The Year 2000 forecast is bad following the admission by Margaret Beckett MP that the public sector may not be ready for the millennium.
At the same time, Gwynneth Flower, managing director for Action 2000, came under fire from within her own ranks at the European Public Sector Information Systems Conference.
"I have come late to the view that we cannot be confident we can deal with all the problems," Beckett admitted at a fringe meeting of the Labour party conference.
"It is important to prioritise the areas of greatest concern and draw up contingency plans to minimise the difficulties that will arise," she continued. Beckett also warned that some local councils are lagging behind best practice on the millennium bug.
Beckett will address the Global Year 2000 summit in London next week.

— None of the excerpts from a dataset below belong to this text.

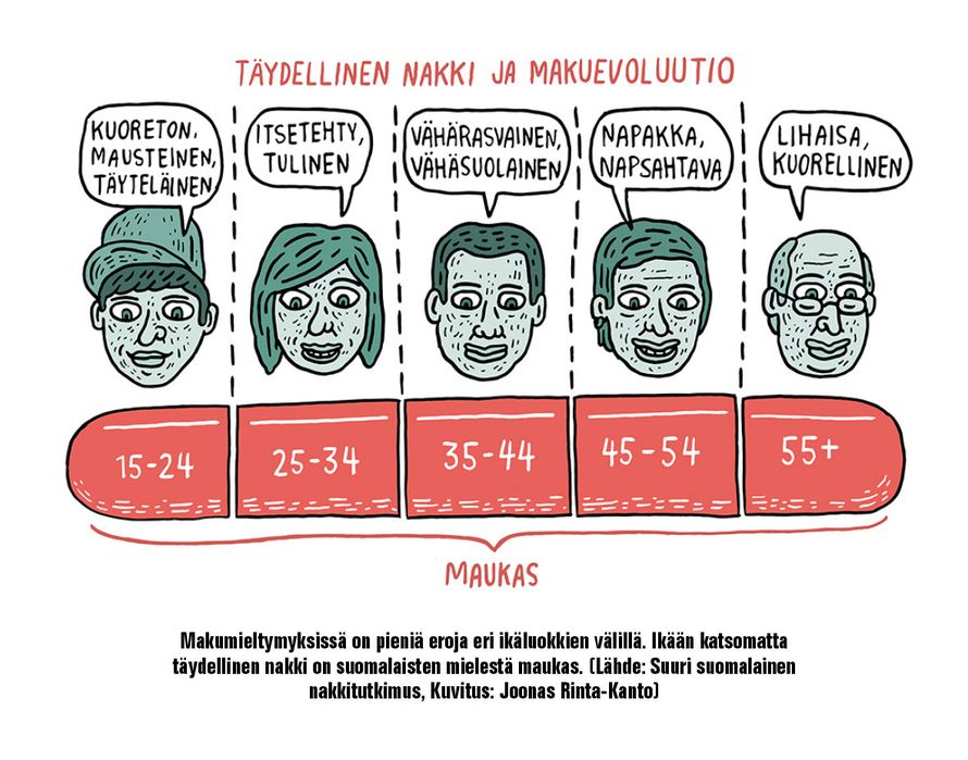 Kaikkien tutkimukseen vastanneiden ikäryhmien mielestä nakin pitää olla maukas. Ikäryhmien väliset mielipide-erot koskevat lähinnä nakkien rakennetta, sillä siinä missä nuoret 15–24-vuotiaat suosivat kuorettomia nakkeja, hieman varttuneemmat, 45–54-vuotiaat, haluavat nakin olevan napakka ja napsahtava. Lihaisa ja kuorellinen nakki puolestaan on yli 55-vuotiaiden suosikki.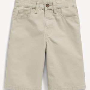 Below Knee Baggy Canvas Shorts for Boys: interior adjustable waistband, regular button closure, zip fly, scoop pockets and coin pocket in front, patch pockets in back, below knee, #766370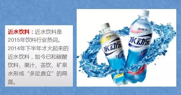 2.近水饮料:2015年夏天席卷整个饮料市场的非近水饮料莫属,统一海之言、百事维动力、康师傅海晶柠檬、娃哈哈C驱动、达能脉动等等近水饮料在风雨飘摇的饮料市场上坚定地为各自的母公司守住了一块阵地。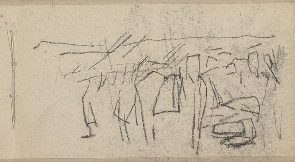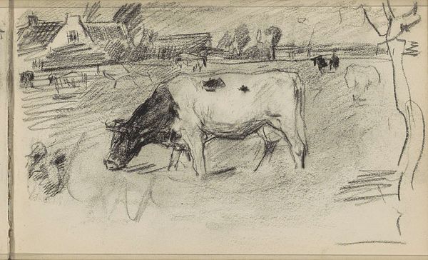 Editor: So, this is "Koeien," or "Cows," by George Hendrik Breitner, made sometime between 1886 and 1890. It looks like a pencil sketch on paper, currently held at the Rijksmuseum. It feels very raw and immediate. What stands out to you when you look at this piece? Curator: What grabs me immediately is its incompleteness, almost a protest against the polished academic style of the time. Consider Breitner's focus on working-class Amsterdam. These sketches, even unfinished, are critical. How do they challenge the dominant narratives of Dutch art which often favored idealized landscapes and bourgeois life? Editor: That’s interesting. I hadn’t thought of it that way. So you’re saying the unfinished nature of the sketch itself becomes a statement? Curator: Precisely. Breitner was part of a movement that embraced realism, turning away from romanticized depictions. He chose subjects from everyday life - laborers, street scenes, and in this case, farm animals. This almost feels like a subversive act, wouldn’t you agree? Do you see anything in the composition itself that supports this? Editor: Well, the composition isn’t classically beautiful. The cows seem almost clumsily rendered, and the background is barely suggested. Curator: Exactly. It's less about aesthetic perfection and more about capturing a fleeting moment. Consider the role of animal labor in Dutch society at the time. What statements about industrialization or social hierarchies might Breitner be subtly making by choosing this subject? Editor: So, rather than just seeing cows, we should consider the social and economic context surrounding them and Breitner’s choice to depict them this way? Curator: Precisely. It challenges us to rethink what is considered worthy of artistic representation. What began as a quick sketch in a notebook really holds much broader statements when looking at context. Editor: That’s really given me a new way to think about sketches – it isn't just preparatory work. Curator: Yes. Breitner elevates the mundane to something worthy of contemplation, shifting our understanding of both art and the everyday.
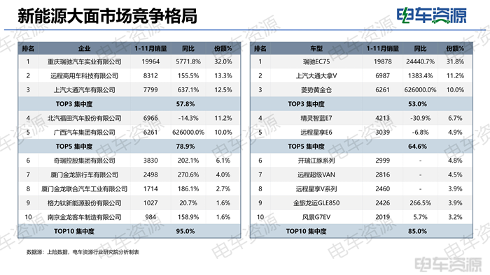 大面车型整体上涨明显,瑞驰汽车1-11月销量同比大幅上涨,累计销量为19964辆,同比增长超50倍,市场份额为32.0%,瑞驰EC75是中面市场最畅销车型。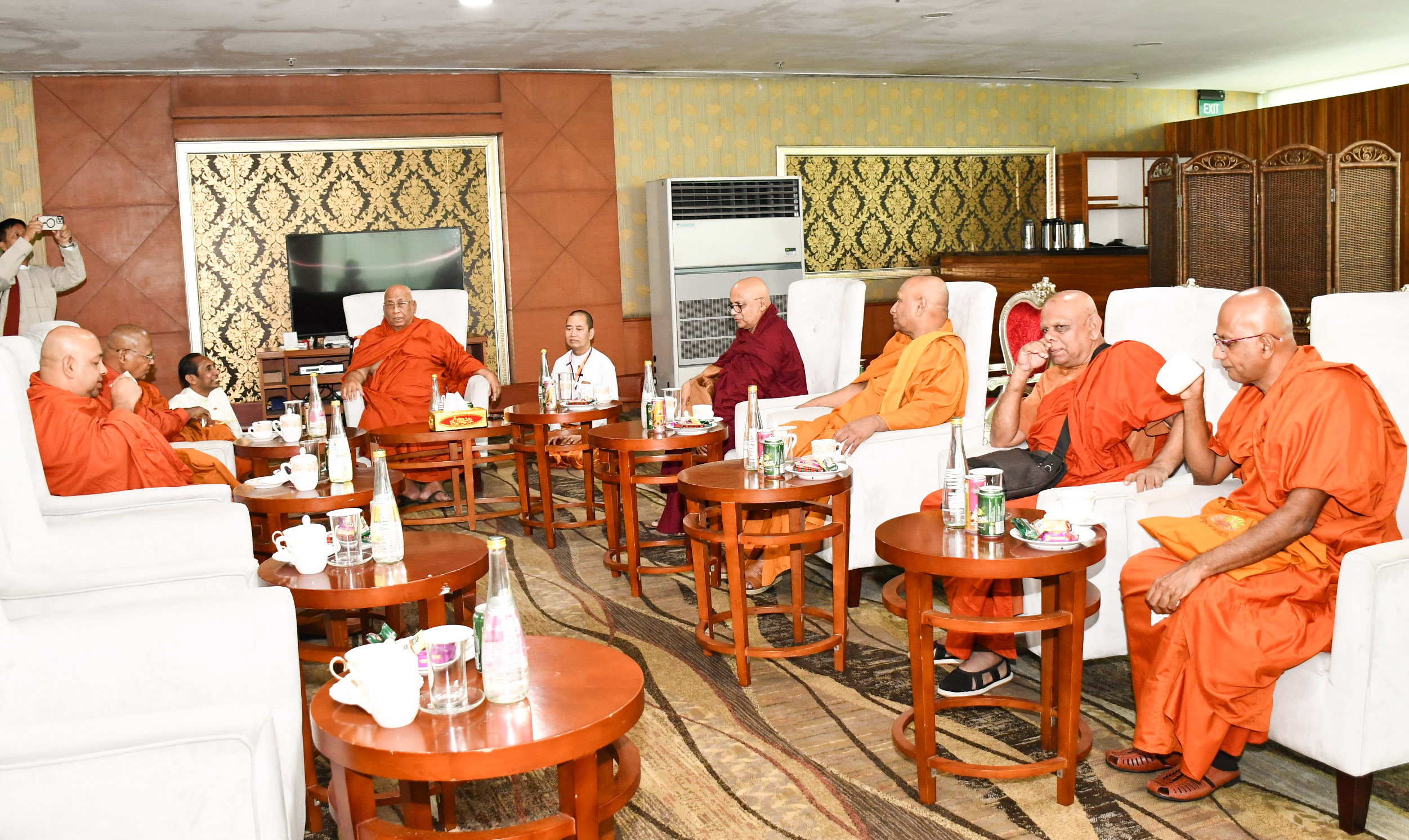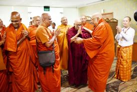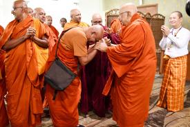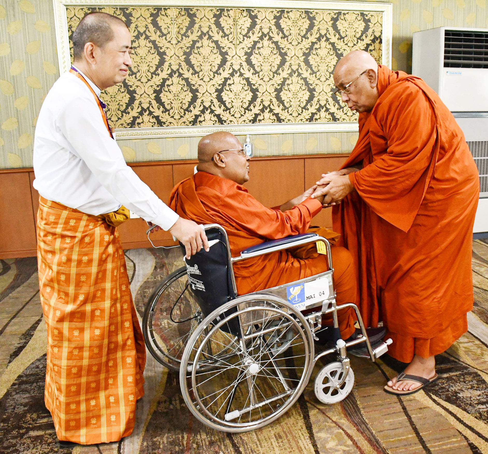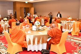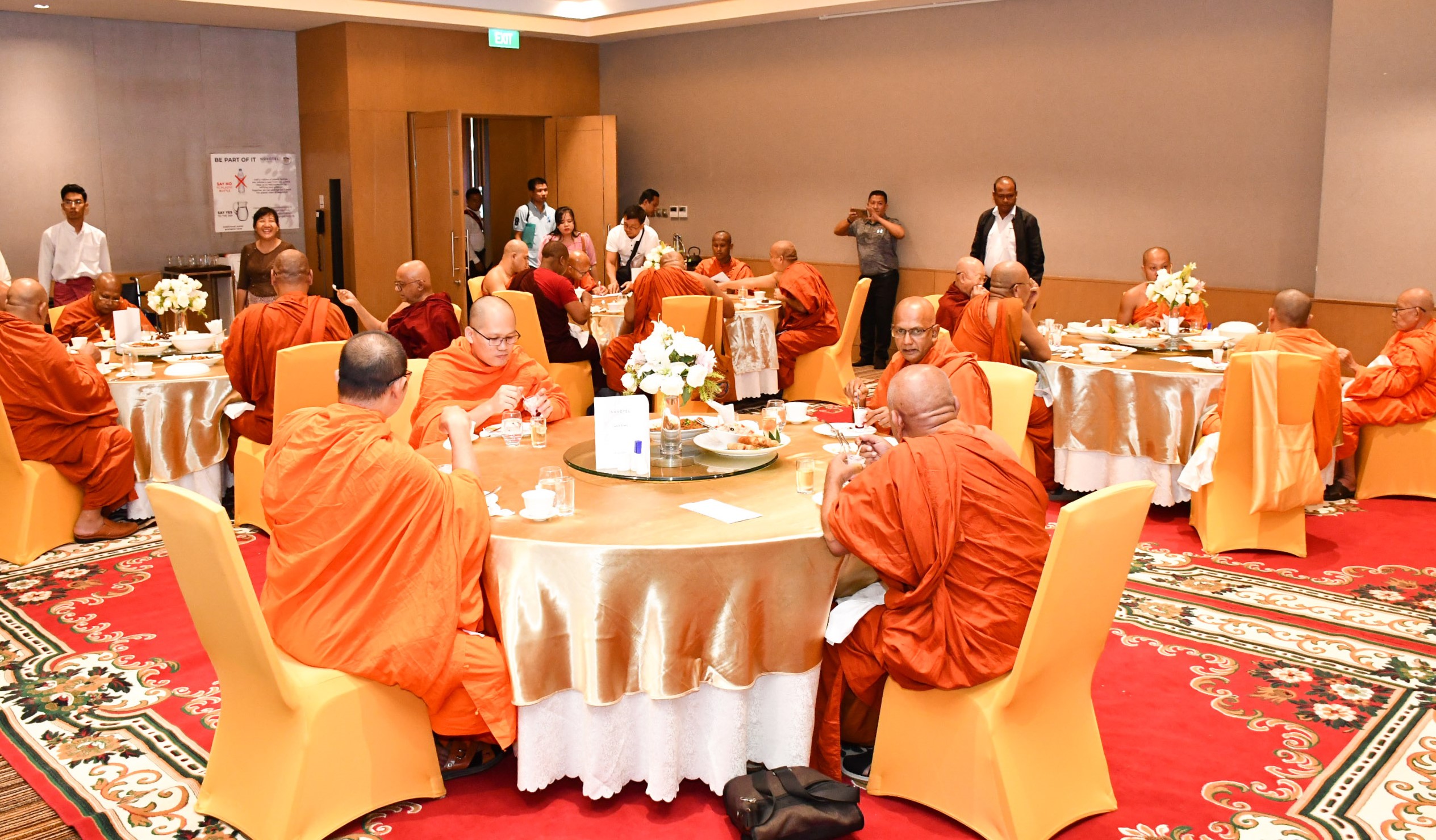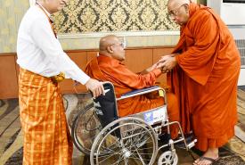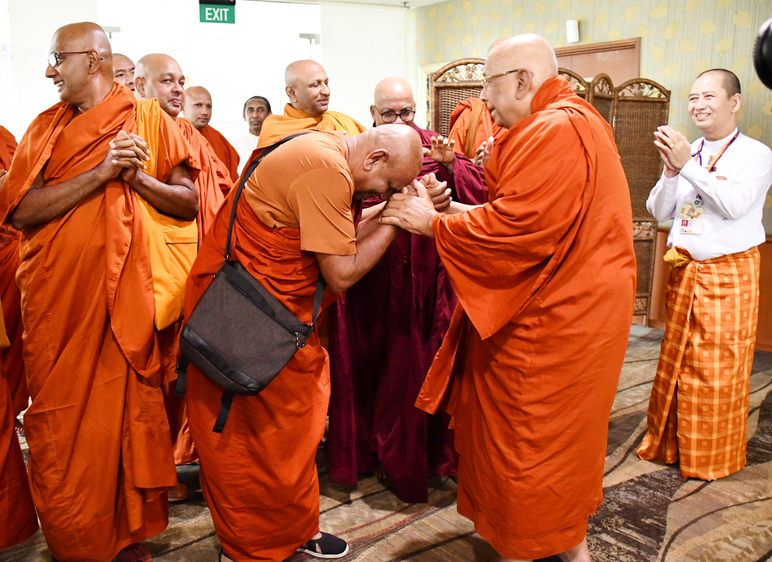 ပြည်ပမှကြွရောက်လာကြသည့် ဆရာတော်ကြီးများအား အဘိဓဇမဟာရဋ္ဌဂုရု ရွှေကျင်သာသနာပိုင် သီတဂူအဓိပတိ ဆရာတော်ဘုရားကြီး ဒေါက်တာအရှင်ဉာဏိဿရနှင့် တာဝန်ရှိသူများ၊ သာသနာတော် ထွန်းကားပြန့်ပွားရေးဦးစီးဌာနမှ တာဝန်ရှိသူများက ရန်ကုန်အပြည်ပြည်ဆိုင်ရာလေဆိပ်၌ ကြိုဆိုနှုတ်ဆက်ကြပြီး ဆရာတော်များအား နေ့ဆွမ်းဆက်ကပ်ခဲ့ကြောင်း သိရှိရသည်။

"This is the level of input we need at this late stage, when the potential disruption of the millennium bug has still to be fully grasped by the public," said Marcia Livanos Cattaui, general secretary of the International Chamber of Commerce.
Harsh criticism was levelled at Flower following her admission that the uptake of the government's #40 million Bug Buster scheme had been disappointing with just 26 firms having sent employees to be trained by the scheme (see PC Week, 22 September).
John Perkins, chairman of Action 2000 Advice and Good Practice Group, said the government's Bug Buster scheme had not been properly thought through. "(It was) an impossible task in the time allowed. The government did not take on board the way SMEs work or understand their needs. It expected people to learn skills that will only last 18 months, so its not surprising few people are interested."
Geoff Hamer, head of IT and finance at the Natural Environment Research Council, described Flower as "she who must be obeyed" and criticised her plans for reassuring public confidence over the millennium bug.
"The government intends to send a leaflet round to every household saying what might go wrong with their toasters. I do not understand what the problem could be with toasters, or why the government is concerned." Perkins admitted he was "dismayed that Gwynneth Flower is saying these things".